What to produce
Copy exactly the lines from the start of the material through the line with "Сумка - хобо с". Pictures stay out of the copy.

Source records

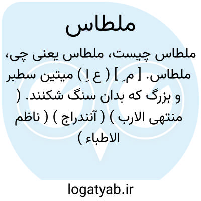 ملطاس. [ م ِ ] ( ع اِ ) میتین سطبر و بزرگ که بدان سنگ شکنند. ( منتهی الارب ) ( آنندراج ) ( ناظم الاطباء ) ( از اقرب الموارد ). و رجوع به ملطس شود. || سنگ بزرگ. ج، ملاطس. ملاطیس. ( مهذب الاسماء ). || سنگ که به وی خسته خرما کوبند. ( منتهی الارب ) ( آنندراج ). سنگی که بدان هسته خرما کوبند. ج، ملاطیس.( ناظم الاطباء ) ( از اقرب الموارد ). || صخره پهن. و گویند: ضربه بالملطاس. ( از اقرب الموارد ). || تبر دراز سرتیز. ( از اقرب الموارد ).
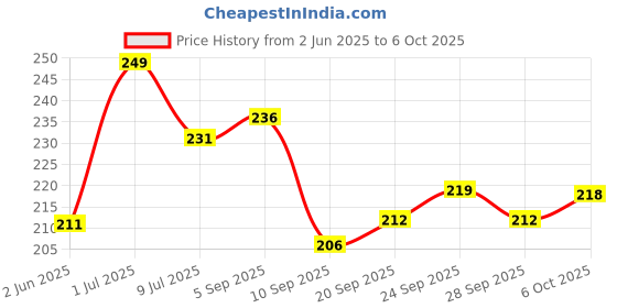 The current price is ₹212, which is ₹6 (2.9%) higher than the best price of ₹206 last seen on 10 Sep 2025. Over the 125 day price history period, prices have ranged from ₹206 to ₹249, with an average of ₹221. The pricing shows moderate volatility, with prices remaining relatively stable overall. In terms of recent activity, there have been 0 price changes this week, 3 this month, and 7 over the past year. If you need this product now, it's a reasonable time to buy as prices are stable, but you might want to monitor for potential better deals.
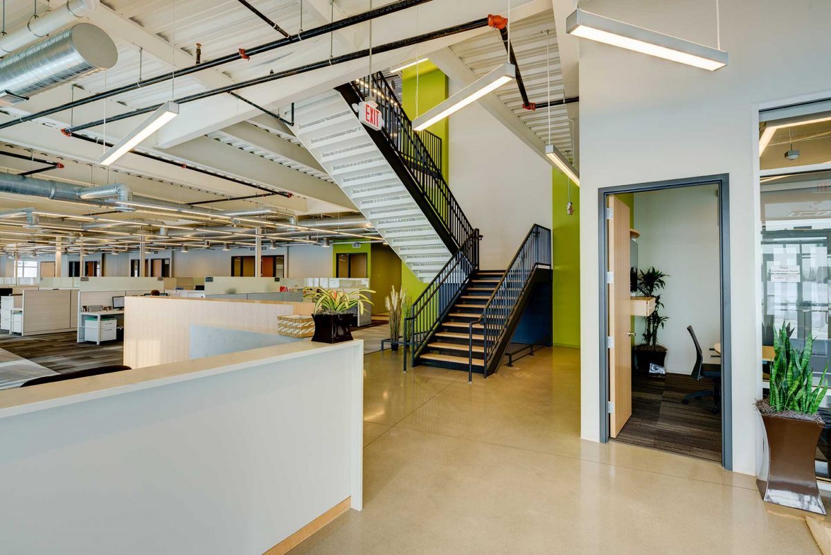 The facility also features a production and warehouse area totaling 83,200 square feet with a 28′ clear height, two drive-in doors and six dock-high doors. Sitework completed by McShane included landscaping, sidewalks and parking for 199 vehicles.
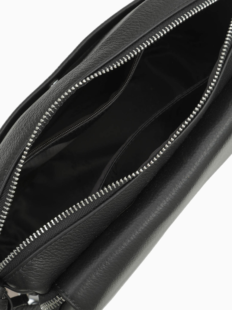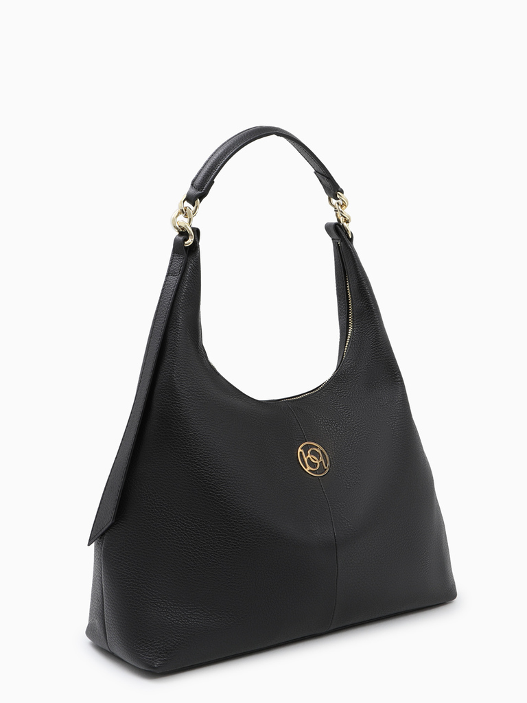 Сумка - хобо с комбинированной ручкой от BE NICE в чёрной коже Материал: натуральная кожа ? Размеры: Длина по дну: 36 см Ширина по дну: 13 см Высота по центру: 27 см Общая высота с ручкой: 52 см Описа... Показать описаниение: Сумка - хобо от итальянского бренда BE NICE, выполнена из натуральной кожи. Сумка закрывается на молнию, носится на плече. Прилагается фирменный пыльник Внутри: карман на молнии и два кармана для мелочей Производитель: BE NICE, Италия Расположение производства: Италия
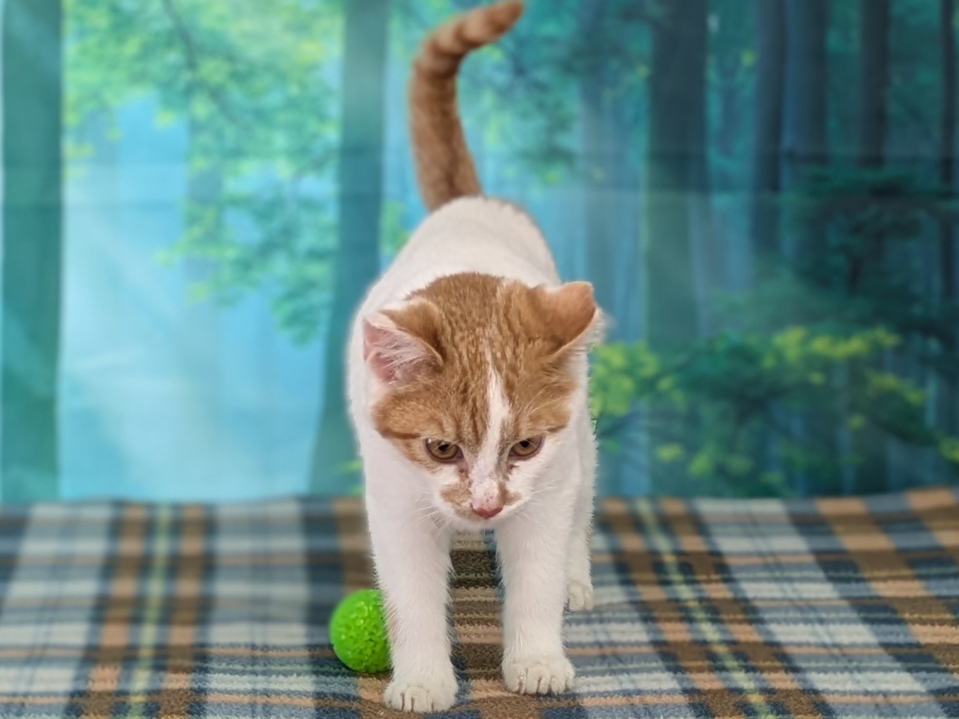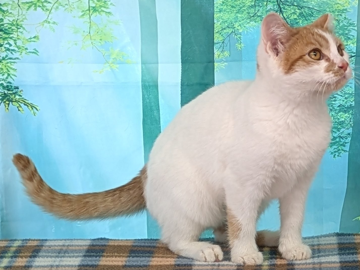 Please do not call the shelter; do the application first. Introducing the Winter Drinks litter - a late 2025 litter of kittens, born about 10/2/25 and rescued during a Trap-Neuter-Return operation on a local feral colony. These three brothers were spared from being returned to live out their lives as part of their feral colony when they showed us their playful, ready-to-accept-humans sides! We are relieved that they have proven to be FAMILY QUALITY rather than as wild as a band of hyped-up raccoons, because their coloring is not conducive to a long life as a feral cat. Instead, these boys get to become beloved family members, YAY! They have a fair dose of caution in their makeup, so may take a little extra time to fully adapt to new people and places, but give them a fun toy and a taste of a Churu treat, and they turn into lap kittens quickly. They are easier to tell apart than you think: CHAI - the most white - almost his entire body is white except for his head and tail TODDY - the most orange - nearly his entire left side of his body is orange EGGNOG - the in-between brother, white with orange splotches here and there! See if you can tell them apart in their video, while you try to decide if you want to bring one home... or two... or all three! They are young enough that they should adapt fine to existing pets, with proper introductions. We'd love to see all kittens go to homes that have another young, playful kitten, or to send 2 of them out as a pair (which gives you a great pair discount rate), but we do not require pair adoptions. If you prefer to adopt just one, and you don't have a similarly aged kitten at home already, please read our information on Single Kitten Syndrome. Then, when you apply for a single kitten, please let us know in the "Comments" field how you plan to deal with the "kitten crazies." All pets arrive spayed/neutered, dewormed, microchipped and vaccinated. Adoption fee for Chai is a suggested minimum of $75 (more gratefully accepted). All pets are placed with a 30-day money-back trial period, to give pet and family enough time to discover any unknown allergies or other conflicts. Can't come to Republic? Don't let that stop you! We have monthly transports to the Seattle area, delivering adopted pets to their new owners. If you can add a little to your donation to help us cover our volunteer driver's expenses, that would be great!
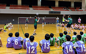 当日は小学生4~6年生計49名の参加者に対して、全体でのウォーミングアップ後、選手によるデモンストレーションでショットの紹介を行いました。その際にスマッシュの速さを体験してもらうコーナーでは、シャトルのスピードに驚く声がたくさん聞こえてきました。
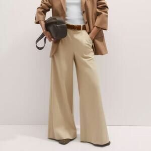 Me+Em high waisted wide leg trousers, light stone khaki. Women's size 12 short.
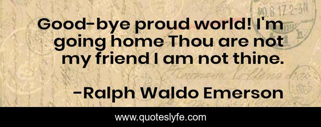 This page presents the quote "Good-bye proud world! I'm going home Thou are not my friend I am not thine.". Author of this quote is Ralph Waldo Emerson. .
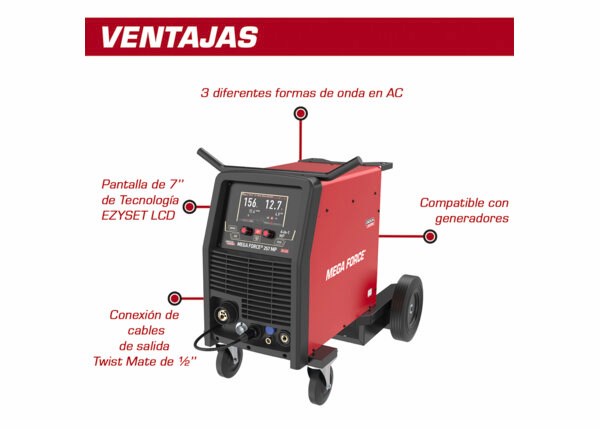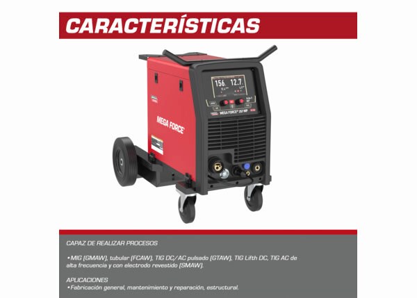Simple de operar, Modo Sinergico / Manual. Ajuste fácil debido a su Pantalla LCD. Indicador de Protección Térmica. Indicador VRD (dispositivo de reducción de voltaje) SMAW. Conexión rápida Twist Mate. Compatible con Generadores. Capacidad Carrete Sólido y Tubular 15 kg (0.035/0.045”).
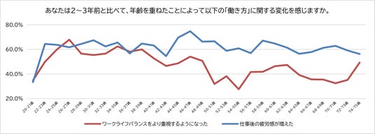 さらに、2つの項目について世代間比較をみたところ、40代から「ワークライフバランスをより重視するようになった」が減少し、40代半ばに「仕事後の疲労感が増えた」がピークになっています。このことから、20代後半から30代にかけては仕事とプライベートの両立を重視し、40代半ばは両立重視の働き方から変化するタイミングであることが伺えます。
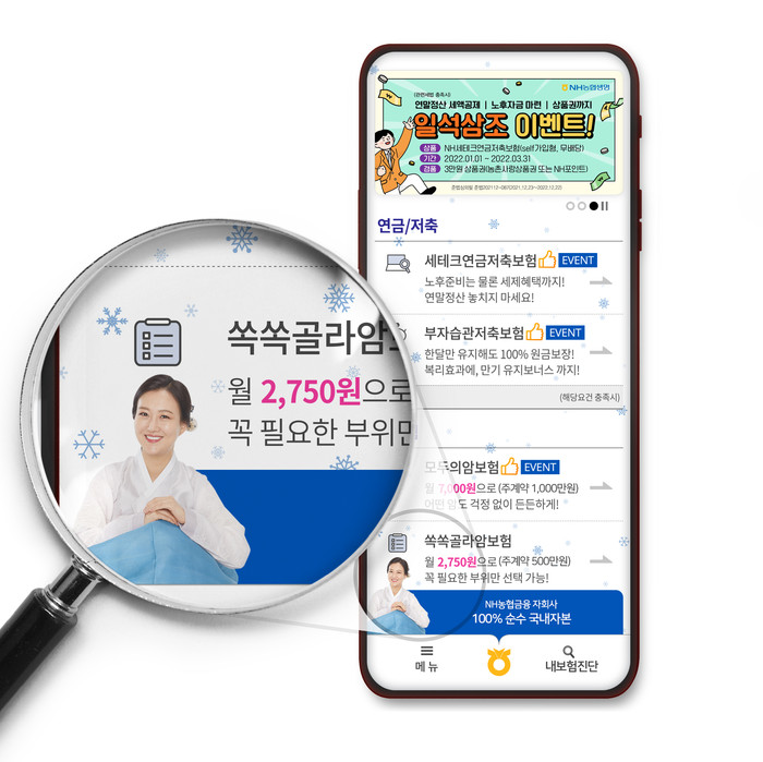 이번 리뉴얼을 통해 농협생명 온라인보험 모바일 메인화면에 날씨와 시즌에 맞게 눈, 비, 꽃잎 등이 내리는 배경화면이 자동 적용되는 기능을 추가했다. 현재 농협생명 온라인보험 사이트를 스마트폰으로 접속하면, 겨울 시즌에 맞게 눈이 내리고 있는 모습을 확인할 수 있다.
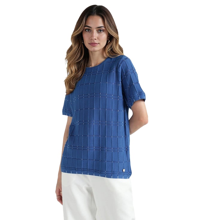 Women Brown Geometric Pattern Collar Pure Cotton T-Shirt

Output for this exercise
 ملطاس. [ م ِ ] ( ع اِ ) میتین سطبر و بزرگ که بدان سنگ شکنند. ( منتهی الارب ) ( آنندراج ) ( ناظم الاطباء ) ( از اقرب الموارد ). و رجوع به ملطس شود. || سنگ بزرگ. ج، ملاطس. ملاطیس. ( مهذب الاسماء ). || سنگ که به وی خسته خرما کوبند. ( منتهی الارب ) ( آنندراج ). سنگی که بدان هسته خرما کوبند. ج، ملاطیس.( ناظم الاطباء ) ( از اقرب الموارد ). || صخره پهن. و گویند: ضربه بالملطاس. ( از اقرب الموارد ). || تبر دراز سرتیز. ( از اقرب الموارد ).
 The current price is ₹212, which is ₹6 (2.9%) higher than the best price of ₹206 last seen on 10 Sep 2025. Over the 125 day price history period, prices have ranged from ₹206 to ₹249, with an average of ₹221. The pricing shows moderate volatility, with prices remaining relatively stable overall. In terms of recent activity, there have been 0 price changes this week, 3 this month, and 7 over the past year. If you need this product now, it's a reasonable time to buy as prices are stable, but you might want to monitor for potential better deals.
 The facility also features a production and warehouse area totaling 83,200 square feet with a 28′ clear height, two drive-in doors and six dock-high doors. Sitework completed by McShane included landscaping, sidewalks and parking for 199 vehicles.
 Сумка - хобо с комбинированной ручкой от BE NICE в чёрной коже Материал: натуральная кожа ? Размеры: Длина по дну: 36 см Ширина по дну: 13 см Высота по центру: 27 см Общая высота с ручкой: 52 см Описа... Показать описаниение: Сумка - хобо от итальянского бренда BE NICE, выполнена из натуральной кожи. Сумка закрывается на молнию, носится на плече. Прилагается фирменный пыльник Внутри: карман на молнии и два кармана для мелочей Производитель: BE NICE, Италия Расположение производства: Италия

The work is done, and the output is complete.